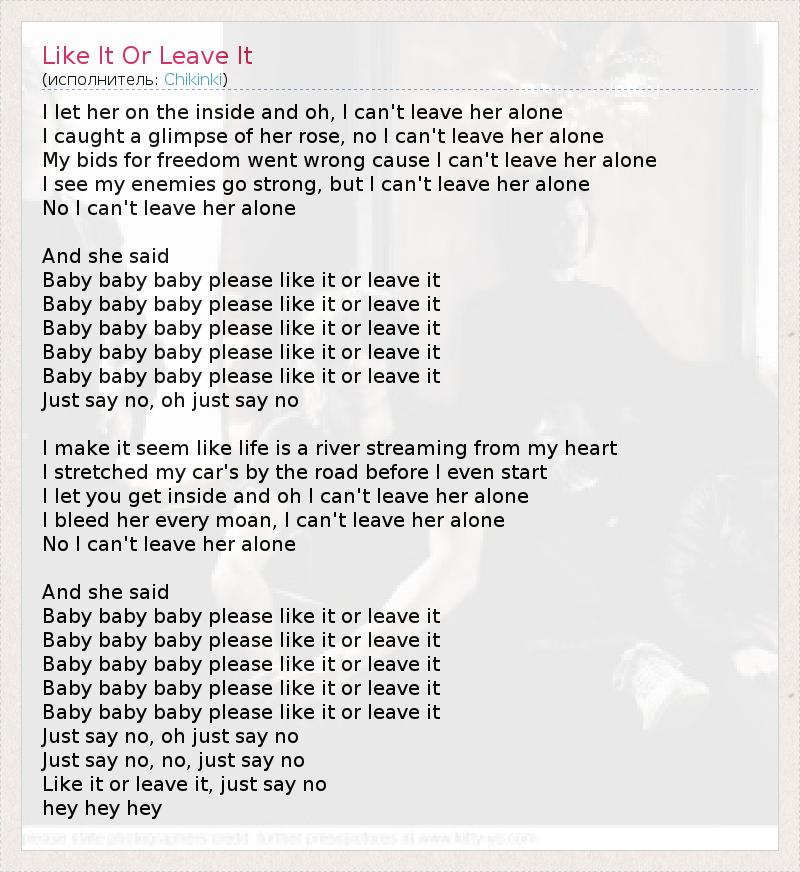 I let her on the inside and oh, I can't leave her alone I caught a glimpse of her rose, no I can't leave her alone My bids for freedom went wrong cause I can't leave her alone I see my enemies go strong, but I can't leave her alone No I can't leave her alone And she said Baby baby baby please like it or leave it Baby baby baby please like it or leave it Baby baby baby please like it or leave it Baby baby baby please like it or leave it Baby baby baby please like it or leave it Just say no, oh just say no I make it seem like life is a river streaming from my heart I stretched my car's by the road before I even start I let you get inside and oh I can't leave her alone I bleed her every moan, I can't leave her alone No I can't leave her alone And she said Baby baby baby please like it or leave it Baby baby baby please like it or leave it Baby baby baby please like it or leave it Baby baby baby please like it or leave it Baby baby baby please like it or leave it Just say no, oh just say no Just say no, no, just say no Like it or leave it, just say no hey hey hey
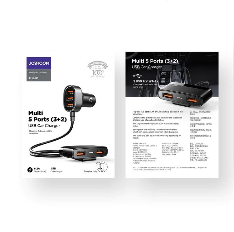 Order Joyroom JR CL03 Multi 5 Ports USB Car Charger - Black now, to get same-day delivery inside Amman, within 24 hours outside Amman and other regions.
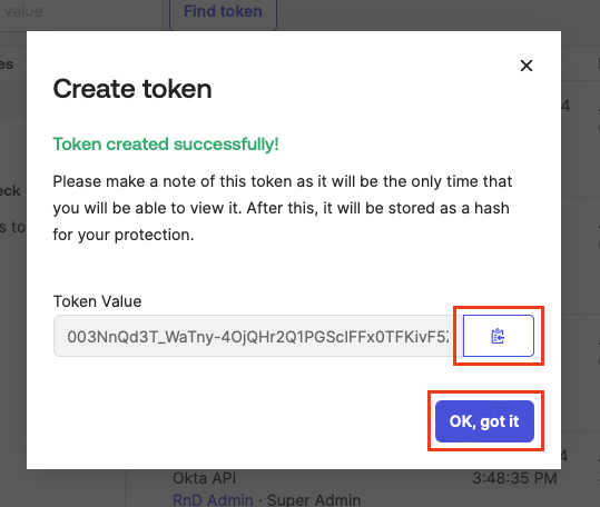 Copy the Token value. Save the secret value in a secure way. You will need it later on in SAFEQ Cloud Authentication provider configuration form. Click OK, got it to proceed.
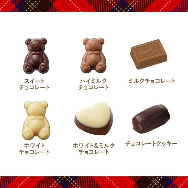 チョコレート(砂糖、ココアバター、全粉乳、カカオマス、植物油脂、乳糖、その他)(国内製造)、クッキー(小麦粉、ショートニング、砂糖、その他)、カカオマス、植物油脂/乳化剤、香料、膨脹剤、(一部に小麦・卵・乳成分・大豆を含む)
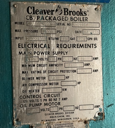 500 HP Cleaver-Brooks, Fire Tube Boiler, 300 psi, 575 V, 1975 Manufacturer: Cleaver-Brooks Year: 1975 HP: 500.00 Pounds per Square Inch: 300 Request a Quote 10 For Sale by C3 Surplus LLC Surplus Record Dealer Since 2020 Contact Seller Miami, FL Vernon Mccoy 305-42...> Show Seller's Phone Number 305-428-2777 Let the seller know you found their listing on Surplus Record! View More C3 Surplus LLC 's ListingsDescription Used Cleaver Brooks Steam Boiler, 17,250 steam lbs/hr, 20,922,000 BTU/hr, 500 HP, MAWP 300 PSI, Fuel No. 6 Oil Fired, Serial No L-61178, Boiler Weight Approx. 60,000 lbs, Built 1975, Older boiler but in good working condition!Cleaver Brooks 500 HP 300 PSI High Pressure Steam BoilerEquipment DescriptionManufacturer: Cleaver BrooksModel: CB-600-500Boiler Horsepower: 500 HPBoiler Type: Steam BoilerFuel Type: No. 6 Oil FiredDesign Pressure or Maximum Allowable Working Pressure: 300 PSIHeating Capacity: 20,922,000 BTU/hrSteam Capacity: 17,250 steam Lbs/hrYear Built: 1975Serial No: L-61178GPH Oil: N/AElectrical RequirementsMain Power SupplyVoltage: 575VPhase: 3 PHHertz: 60HzAmpacity: 31 AMPMinimum Circuit Ampacity: 45 AMPMaximum Rating of Circuit Protection: 124 AMPBlower MotorHorsepower: 15 HPAir Compressor MotorHorsepower: N/AOil Heater: N/AControl CircuitVolts: 120VPhase: 1 PHHertz: 60 HZAmpacity: 7 AMPOil Pump MotorVolts: 575VPhase: 1 PHHertz: 60HzAmpacity: 2 AMPOverall DimensionsLength: 20.33 ftWidth: 10.25 ftHeight: 10.5 ftBoiler Weight: 60,000 lbsLocation: North Carolina Request More Information from SellerGet Your Price from C3 Surplus LLC! "*" indicates required fieldsName*Company*Email* PhoneZip / Postal Code*QuestionMake an OfferRequests Send me a shipping quote I am interested in financingSend Copy Email me a confirmation of this inquiryBuyer Protection Use our partner Escrow.com to buy or sell equipment safelyBuyer Protection Send me info about buyer protectionThis field is hidden when viewing the formDealer Email Buyers Who Viewed This Listing Also Viewed … 500 HP Hurst #Series 400, Firetube Boiler, 3623 sq.ft., 150 psi, 17250 lb/hr, 2016Category: Firetube BoilersSeller: Revelation MachineryLocation: Chicago, IL Mfr: HurstModel: SERIESYear: 2016Make: Hurst, Model: Series 400, Year: 2016, Machine Location: Upon Request, Manufacturer: Hurst Boiler & Welding Co., Inc., Certification: ASME “S” stamped (power boiler), Max working pressure: 150 PSI, Heating surface: 3,623 sq. ft., Steam capacity: 17,250 lb/hr (approx. ...more 500 HP Hurst, Boiler System, 150 PSI, 3250 sq.ft. heat area, 2006Category: Firetube BoilersSeller: C3 Surplus LLCLocation: Miami, FL Mfr: HurstYear: 2006Overview, This 2006 Hurst 500 HP Boiler System is a comprehensive industrial steam generation package professionally repaired and certified by Hurst Boiler & Welding Co. in 2014. With a 150 PSI design pressure and 17,250 lbs/hr steam capacity, this system includes pollution control, ash removal system, complete ...more 500 HP Cleaver-Brooks #CB-400-500 CB packaged boiler, Natural gas, 15 psi, 460 Volts, 2008Category: Firetube BoilersSeller: Equipment Recovery CorpLocation: Willoughby, OH Mfr: Cleaver-BrooksModel: CB-400-500Year: 2008 500 HP Volcano, Steam Boiler, Natural Gas, High Pressure, 150 psiCategory: Firetube BoilersSeller: MachineCoLocation: Montreal, QCUsed: An item that has been used previously. The item may have some signs of cosmetic wear, but is fully operational and functions as intended. This item may be a floor model or store return that has been used. See the seller’s listing for full and of any imperfections., 500 HP, hi-Pres. gas-fired boiler ...more 500 HP Hurst, 250 psig, Gas, Low or Ultra Low NOx, newCategory: Firetube BoilersSeller: Nationwide Boiler IncLocation: Fremont, CA Mfr: HurstYear: 2024Share × "*" indicates required fieldsYour Name*Your Email* Recipient's Email* Note to Recipient
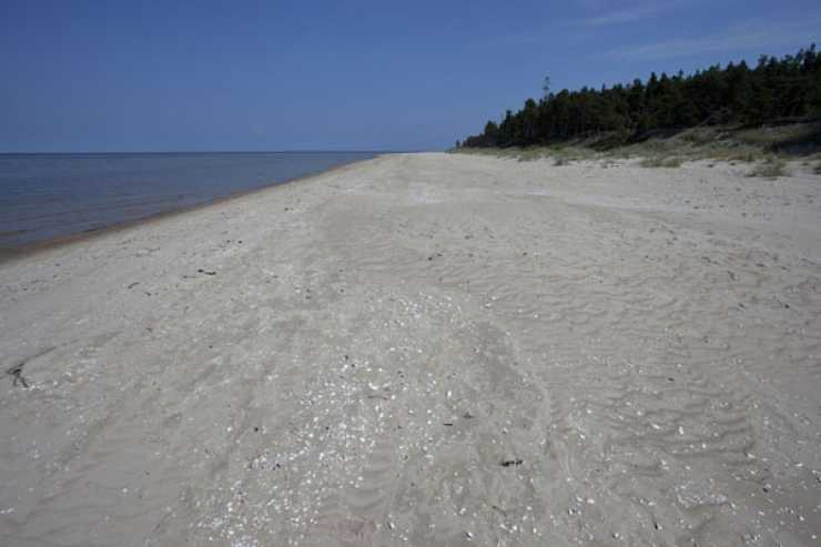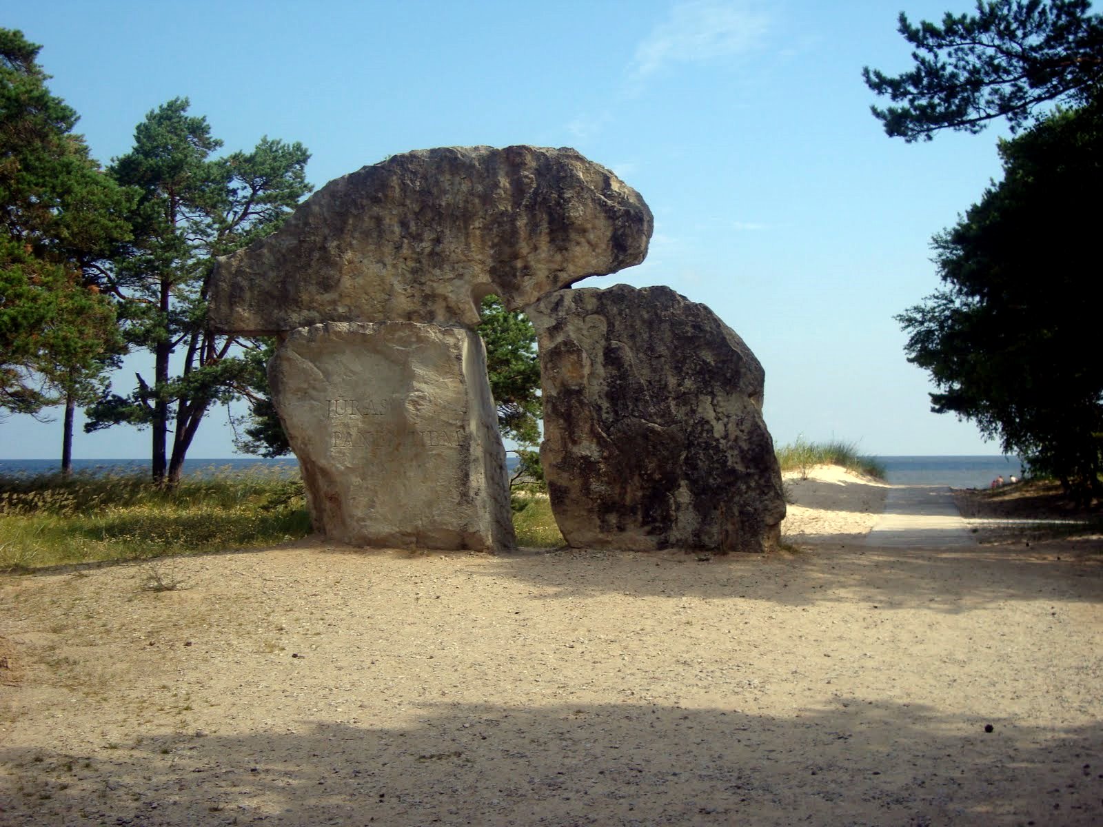 En liten parkering med ett litet café välkomnar dig i en karg natur. Här är det sand och krumma träd som dominerar och det blir den lilla gångvägen genom gången i en stor sten ut till stranden. Vi är ungefär 16 mil norr om Riga, längst ut på udden där Rigabuktens vatten möter Östersjön.
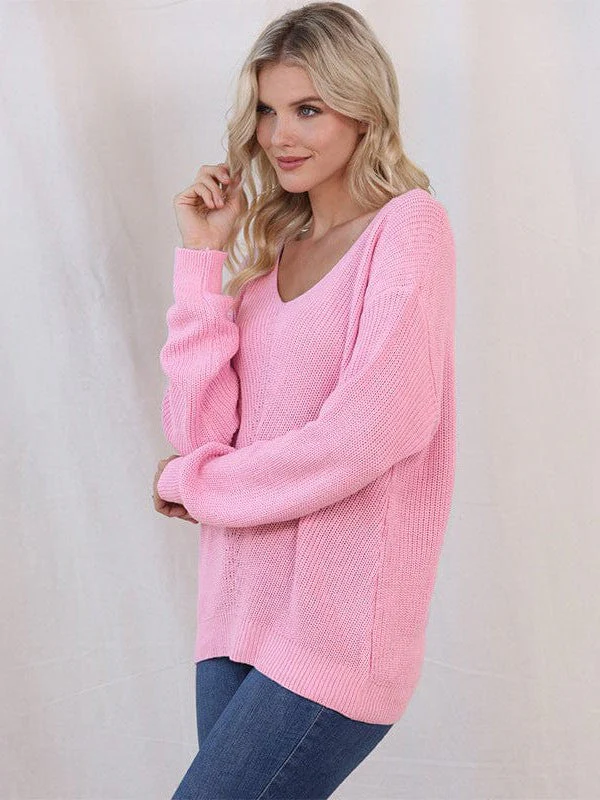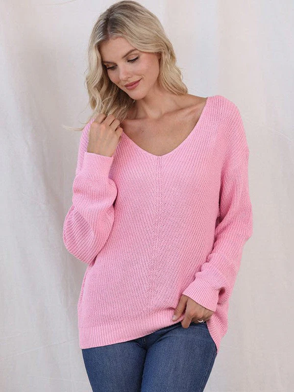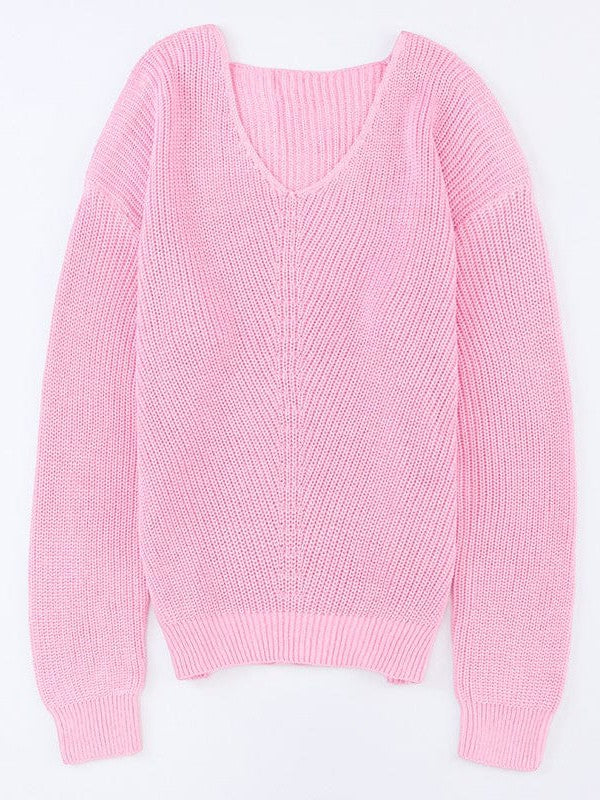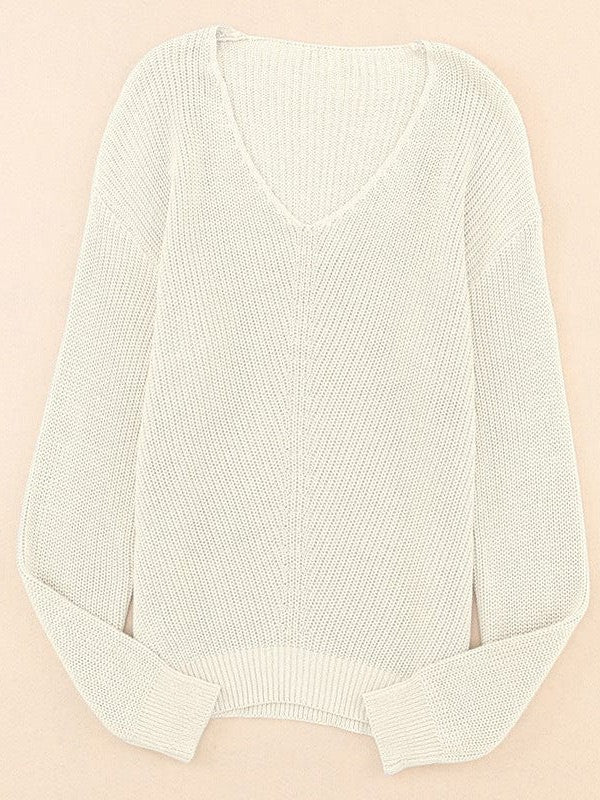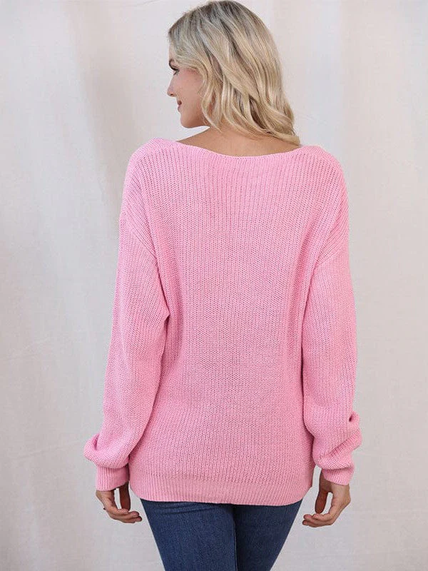 Fashionable Twist Long Sleeve Sweater For Women With Sexy Low V-Neck
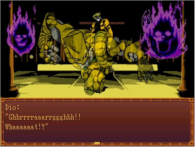 Dio: Worthless humans! I control you now! Prostrate yourself before my power and knowledge! Cascada: Rgh...! Dio: Well, playtime's finally over. I think I'll hang your bodies up as ornaments by the entrance. What will Mr. Joestar and the rest make of that, I wonder? Mwahaha! I can't wait to see... Die!! ...!?
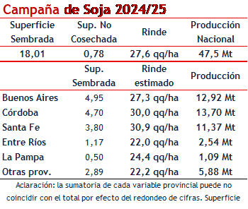 En el panorama provincial, en Buenos Aires se estima un rinde medio de 27,3 qq/ha frente a 31,4 qq/ha del año pasado. En Córdoba, la diferencia no es tan amplia, pero deberá llover para que esto siga siendo así; por ahora se prevén 30,0 qq/ha vs 31,3 qq/ha de la campaña pasada. En Santa Fe sí se nota la diferencia. Tras el boom del año pasado, en el que la soja rindió un promedio provincial de 39,1 qq/ha, este ciclo se estima una media de solo 30,9 qq/ha.
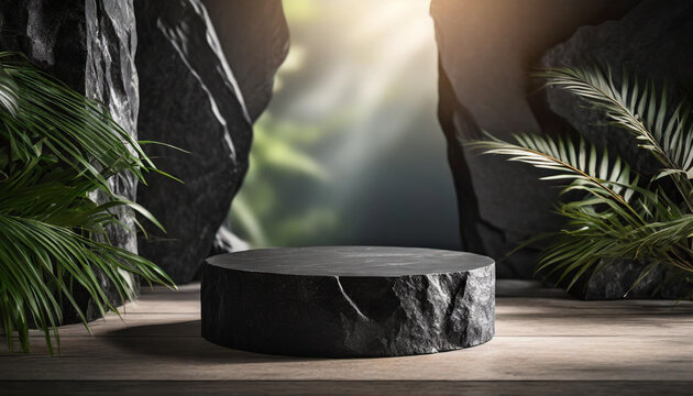 Dark minimalist display podium with rock texture, perfect for product presentation or modern design aesthetics.
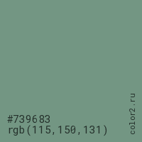 Цвет #739683 в цветовой модели RGB обозначается тремя октетами (115, 150, 131) в десятичном формате и #739683 в шестнадцатиричном (hex) формате, которые являются интенсивностью красного 115 (hex 73), интенсивность зелёного 150 (hex 96) и интенсивность синего 131 (hex 83).

·····

_What is being asked_
Set down every record exactly, without the pictures.

_Result for this task_
 I let her on the inside and oh, I can't leave her alone I caught a glimpse of her rose, no I can't leave her alone My bids for freedom went wrong cause I can't leave her alone I see my enemies go strong, but I can't leave her alone No I can't leave her alone And she said Baby baby baby please like it or leave it Baby baby baby please like it or leave it Baby baby baby please like it or leave it Baby baby baby please like it or leave it Baby baby baby please like it or leave it Just say no, oh just say no I make it seem like life is a river streaming from my heart I stretched my car's by the road before I even start I let you get inside and oh I can't leave her alone I bleed her every moan, I can't leave her alone No I can't leave her alone And she said Baby baby baby please like it or leave it Baby baby baby please like it or leave it Baby baby baby please like it or leave it Baby baby baby please like it or leave it Baby baby baby please like it or leave it Just say no, oh just say no Just say no, no, just say no Like it or leave it, just say no hey hey hey
 Order Joyroom JR CL03 Multi 5 Ports USB Car Charger - Black now, to get same-day delivery inside Amman, within 24 hours outside Amman and other regions.
 Copy the Token value. Save the secret value in a secure way. You will need it later on in SAFEQ Cloud Authentication provider configuration form. Click OK, got it to proceed.
 チョコレート(砂糖、ココアバター、全粉乳、カカオマス、植物油脂、乳糖、その他)(国内製造)、クッキー(小麦粉、ショートニング、砂糖、その他)、カカオマス、植物油脂/乳化剤、香料、膨脹剤、(一部に小麦・卵・乳成分・大豆を含む)
 500 HP Cleaver-Brooks, Fire Tube Boiler, 300 psi, 575 V, 1975 Manufacturer: Cleaver-Brooks Year: 1975 HP: 500.00 Pounds per Square Inch: 300 Request a Quote 10 For Sale by C3 Surplus LLC Surplus Record Dealer Since 2020 Contact Seller Miami, FL Vernon Mccoy 305-42...> Show Seller's Phone Number 305-428-2777 Let the seller know you found their listing on Surplus Record! View More C3 Surplus LLC 's ListingsDescription Used Cleaver Brooks Steam Boiler, 17,250 steam lbs/hr, 20,922,000 BTU/hr, 500 HP, MAWP 300 PSI, Fuel No. 6 Oil Fired, Serial No L-61178, Boiler Weight Approx. 60,000 lbs, Built 1975, Older boiler but in good working condition!Cleaver Brooks 500 HP 300 PSI High Pressure Steam BoilerEquipment DescriptionManufacturer: Cleaver BrooksModel: CB-600-500Boiler Horsepower: 500 HPBoiler Type: Steam BoilerFuel Type: No. 6 Oil FiredDesign Pressure or Maximum Allowable Working Pressure: 300 PSIHeating Capacity: 20,922,000 BTU/hrSteam Capacity: 17,250 steam Lbs/hrYear Built: 1975Serial No: L-61178GPH Oil: N/AElectrical RequirementsMain Power SupplyVoltage: 575VPhase: 3 PHHertz: 60HzAmpacity: 31 AMPMinimum Circuit Ampacity: 45 AMPMaximum Rating of Circuit Protection: 124 AMPBlower MotorHorsepower: 15 HPAir Compressor MotorHorsepower: N/AOil Heater: N/AControl CircuitVolts: 120VPhase: 1 PHHertz: 60 HZAmpacity: 7 AMPOil Pump MotorVolts: 575VPhase: 1 PHHertz: 60HzAmpacity: 2 AMPOverall DimensionsLength: 20.33 ftWidth: 10.25 ftHeight: 10.5 ftBoiler Weight: 60,000 lbsLocation: North Carolina Request More Information from SellerGet Your Price from C3 Surplus LLC! "*" indicates required fieldsName*Company*Email* PhoneZip / Postal Code*QuestionMake an OfferRequests Send me a shipping quote I am interested in financingSend Copy Email me a confirmation of this inquiryBuyer Protection Use our partner Escrow.com to buy or sell equipment safelyBuyer Protection Send me info about buyer protectionThis field is hidden when viewing the formDealer Email Buyers Who Viewed This Listing Also Viewed … 500 HP Hurst #Series 400, Firetube Boiler, 3623 sq.ft., 150 psi, 17250 lb/hr, 2016Category: Firetube BoilersSeller: Revelation MachineryLocation: Chicago, IL Mfr: HurstModel: SERIESYear: 2016Make: Hurst, Model: Series 400, Year: 2016, Machine Location: Upon Request, Manufacturer: Hurst Boiler & Welding Co., Inc., Certification: ASME “S” stamped (power boiler), Max working pressure: 150 PSI, Heating surface: 3,623 sq. ft., Steam capacity: 17,250 lb/hr (approx. ...more 500 HP Hurst, Boiler System, 150 PSI, 3250 sq.ft. heat area, 2006Category: Firetube BoilersSeller: C3 Surplus LLCLocation: Miami, FL Mfr: HurstYear: 2006Overview, This 2006 Hurst 500 HP Boiler System is a comprehensive industrial steam generation package professionally repaired and certified by Hurst Boiler & Welding Co. in 2014. With a 150 PSI design pressure and 17,250 lbs/hr steam capacity, this system includes pollution control, ash removal system, complete ...more 500 HP Cleaver-Brooks #CB-400-500 CB packaged boiler, Natural gas, 15 psi, 460 Volts, 2008Category: Firetube BoilersSeller: Equipment Recovery CorpLocation: Willoughby, OH Mfr: Cleaver-BrooksModel: CB-400-500Year: 2008 500 HP Volcano, Steam Boiler, Natural Gas, High Pressure, 150 psiCategory: Firetube BoilersSeller: MachineCoLocation: Montreal, QCUsed: An item that has been used previously. The item may have some signs of cosmetic wear, but is fully operational and functions as intended. This item may be a floor model or store return that has been used. See the seller’s listing for full and of any imperfections., 500 HP, hi-Pres. gas-fired boiler ...more 500 HP Hurst, 250 psig, Gas, Low or Ultra Low NOx, newCategory: Firetube BoilersSeller: Nationwide Boiler IncLocation: Fremont, CA Mfr: HurstYear: 2024Share × "*" indicates required fieldsYour Name*Your Email* Recipient's Email* Note to Recipient
 En liten parkering med ett litet café välkomnar dig i en karg natur. Här är det sand och krumma träd som dominerar och det blir den lilla gångvägen genom gången i en stor sten ut till stranden. Vi är ungefär 16 mil norr om Riga, längst ut på udden där Rigabuktens vatten möter Östersjön.
 Fashionable Twist Long Sleeve Sweater For Women With Sexy Low V-Neck
 Dio: Worthless humans! I control you now! Prostrate yourself before my power and knowledge! Cascada: Rgh...! Dio: Well, playtime's finally over. I think I'll hang your bodies up as ornaments by the entrance. What will Mr. Joestar and the rest make of that, I wonder? Mwahaha! I can't wait to see... Die!! ...!?
 En el panorama provincial, en Buenos Aires se estima un rinde medio de 27,3 qq/ha frente a 31,4 qq/ha del año pasado. En Córdoba, la diferencia no es tan amplia, pero deberá llover para que esto siga siendo así; por ahora se prevén 30,0 qq/ha vs 31,3 qq/ha de la campaña pasada. En Santa Fe sí se nota la diferencia. Tras el boom del año pasado, en el que la soja rindió un promedio provincial de 39,1 qq/ha, este ciclo se estima una media de solo 30,9 qq/ha.
 Dark minimalist display podium with rock texture, perfect for product presentation or modern design aesthetics.
 Цвет #739683 в цветовой модели RGB обозначается тремя октетами (115, 150, 131) в десятичном формате и #739683 в шестнадцатиричном (hex) формате, которые являются интенсивностью красного 115 (hex 73), интенсивность зелёного 150 (hex 96) и интенсивность синего 131 (hex 83).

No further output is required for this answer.